I hope everyone had a great Christmas. I certainly did.
Though I've had so many new experiences in the past few months, I don't feel as if I should write about them until I address what's gone on healthwise.
With the last rheumatologist I saw telling me I was in perfect remission and perhaps the pain was just normal muscle ache, I've been a little confused. I even began to question whether the pain I've felt is real or not. Maybe I am normal and I have a very low pain threshold.
But with my Enbrel (which kept my joints very well under control) being discontinued, my body has steadily given more 'proof' that it is indeed not in my head. I never use to notice swelling on my joints, so I'm not sure if I ever did swell before, but I certainly swell now.

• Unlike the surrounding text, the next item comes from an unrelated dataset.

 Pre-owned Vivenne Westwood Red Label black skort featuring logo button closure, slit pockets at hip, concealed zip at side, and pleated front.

My ankles are now cankles. My jaw swells a little as well- my professor once excused me from lecture because she noticed it and didn't want my jaw to suffer in class. Pain in my joints has become sharper more frequently now. I notice myself limiting movements in my shoulders, and my elbows become very stiff and painful quickly. One time I wanted to break down crying it hurt so much. Drawing with an easel has become challenging, but I have found new ways of propping my arms up. On top of all of that, I'm so much more tired.

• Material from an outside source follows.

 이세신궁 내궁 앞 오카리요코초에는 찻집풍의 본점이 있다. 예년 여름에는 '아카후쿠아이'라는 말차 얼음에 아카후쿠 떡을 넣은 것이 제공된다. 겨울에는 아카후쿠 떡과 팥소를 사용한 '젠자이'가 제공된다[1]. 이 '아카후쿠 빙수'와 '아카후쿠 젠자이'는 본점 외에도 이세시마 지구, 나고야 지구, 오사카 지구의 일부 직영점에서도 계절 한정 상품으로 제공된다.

To sum it up, I just don't feel good. I don't want to go shopping. I don't want to climb the stairs. I don't want to entertain company. I just want to lie down and sleep and be warm.
I try not to talk about this much and just suck it up. I feel bad because lately I'm often in a bad mood. It's just that when you feel like your back is a metal rod, it's hard to act pleasant. I'm guilty that I've put others in a bad mood because I've been bitter. It's hard to tell (or warn) someone that you're hurting, because we're all hurting. But honestly, I just want to scream out that I don't feel good.